If you know me, you know I prefer chocolate dessert over any other kind. However, during the Holiday months I feel compelled to cook more with the traditional seasonal flavors- pumpkin, pecan, gingerbread, etc.

Enter the gingerbread cupcake.

Be prepared to fall in love with this frosting. I did. I will forever keep this recipe in my cooking archives due to the delicious frosting alone. Even if you don’t want to make the cake, make this frosting and slather it on anything you can find. You won’t be sorry.

See those little specks in the frosting? Cinnamon. And you see that dot of yellow? Lemon zest. It is heavenly.

Back to the cupcake, the cupcake itself was not overly sweet; in fact it could pass as a morning muffin (it only has 1/2 cup sugar in it which is fairly low in the world of desserts).

Until you slather it in the frosting.

Keep these in mind over the next month if you need to bring any Holiday dessert to a party.
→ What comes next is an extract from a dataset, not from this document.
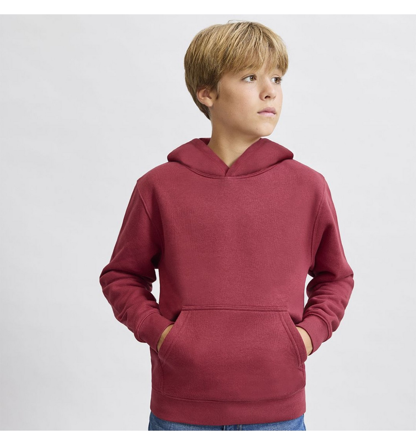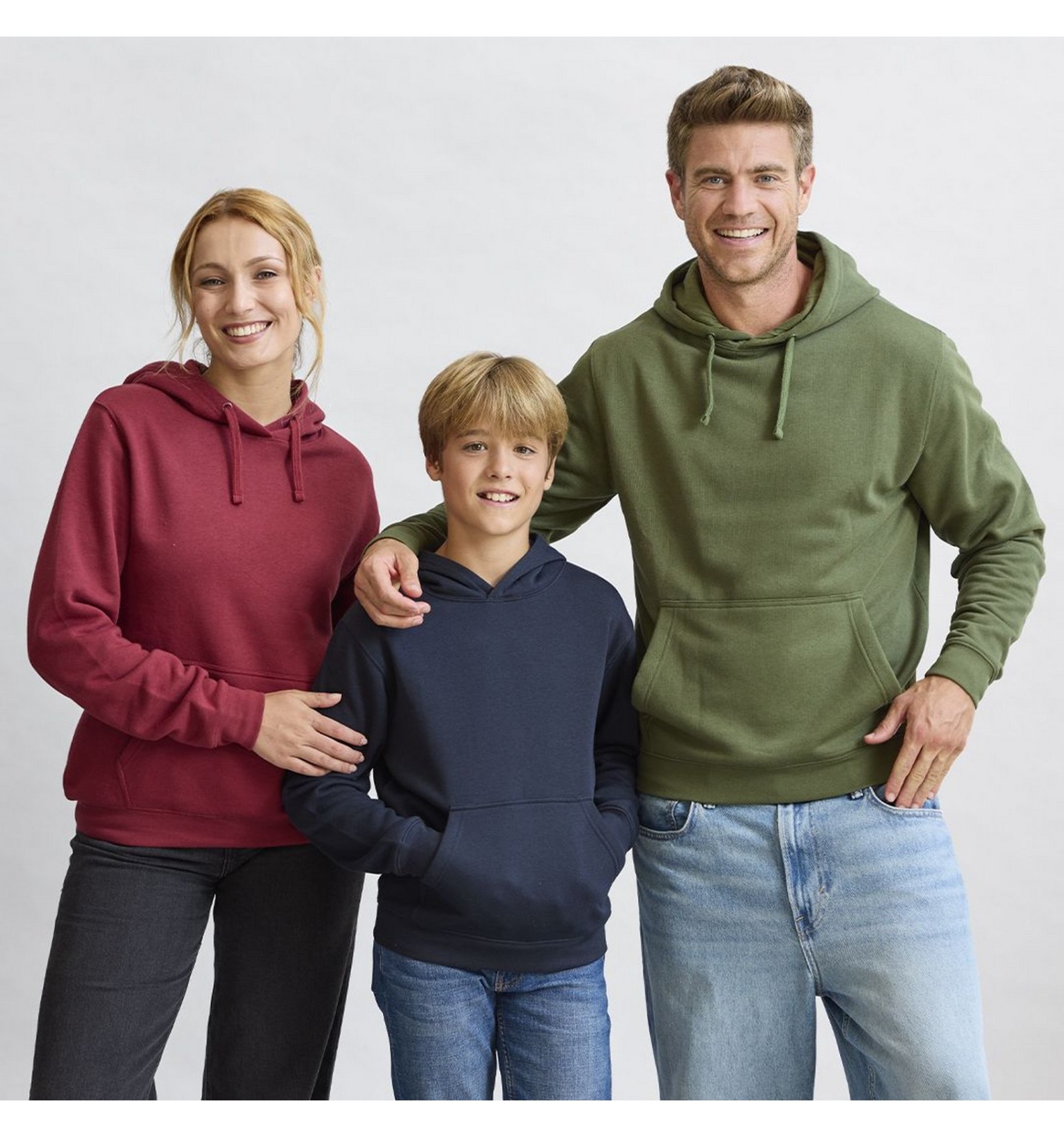 Include buzunar tip „kangaroo”, bandă de întărire la gât și manșete și talie tricotate 1x1 cu elastan pentru o potrivire și confort mai bune.

BTW, these will go in my “splurge-worthy” section. If you eat a healthy diet on a regular basis, you can most certainly treat yourself to some “real” desserts or other treats during the Holiday season. Just make sure it’s something that really sounds good to you. Keep up the exercise and watch your portions.

Gingerbread Cupcakes

Recipe from Betty Crocker, Fall Baking


1/2 cup granulated sugar
1/2 cup butter, softened
1/2 cup molasses
2 eggs
2 cups all purpose flour
1 teaspoon baking soda
1/2 teaspoon salt
1 1/2 teaspoons ground ginger
1/2 teaspoon ground cinnamon
1/2 teaspoon ground allspice
3/4 cup water

1 8 ounce package cream cheese, softened
1/4 cup butter, softened
2 teaspoons grated lemon peel
1 teaspoon ground cinnamon
1 teaspoon vanilla
4 cups (1 lb) powdered sugar
1 to 2 teaspoons milk


1. Heat oven to 375 degrees. Place paper baking cups in regular sized muffin pan.
2. In a large bowl, beat sugar, 1/2 cup of butter, the molasses and eggs on medium speed of an electric mixer. Stir in flour, baking soda, salt, ginger, 1/2 teaspoon cinnamon, allspice and water. Spoon ~1/4 cup batter into prepared muffin pan.
3. Bake 15-18 minutes or until toothpick comes out clean. Cool 5 minutes before transferring cupcakes to cooling rack. Cool completely, about 20 minutes.
4. Meanwhile in a medium bowl beat cream cheese, 1/4 cup butter, lemon peel, 1 teaspoon cinnamon and the vanilla on low speed with an electric mixer until smooth. Gradually beat in powdered sugar, 1 cup at a time, on low speed until smooth. Add milk, 1 teaspoon at a time until spreadable.
5. Pipe or spread a generous amount of frosting on the top of each cupcake. Store in the refrigerator, covered.

NOTES: I forgot to add the milk to the frosting and it was fine. It was perfect. I always use the lower fat cream cheese instead of the regular…..but not the fat free. If you don’t have a microplane, buy one. It will make that lemon zesting a breeze. One last thing, if you don’t have the piping supplies, here is a tip to get your frosting to look more professional. Just spoon it into a zip lock sandwich or freezer bag, work it all the way down to one corner of the bag. Snip a little tip off the corner and use it like a tube of icing to frost the cupcake.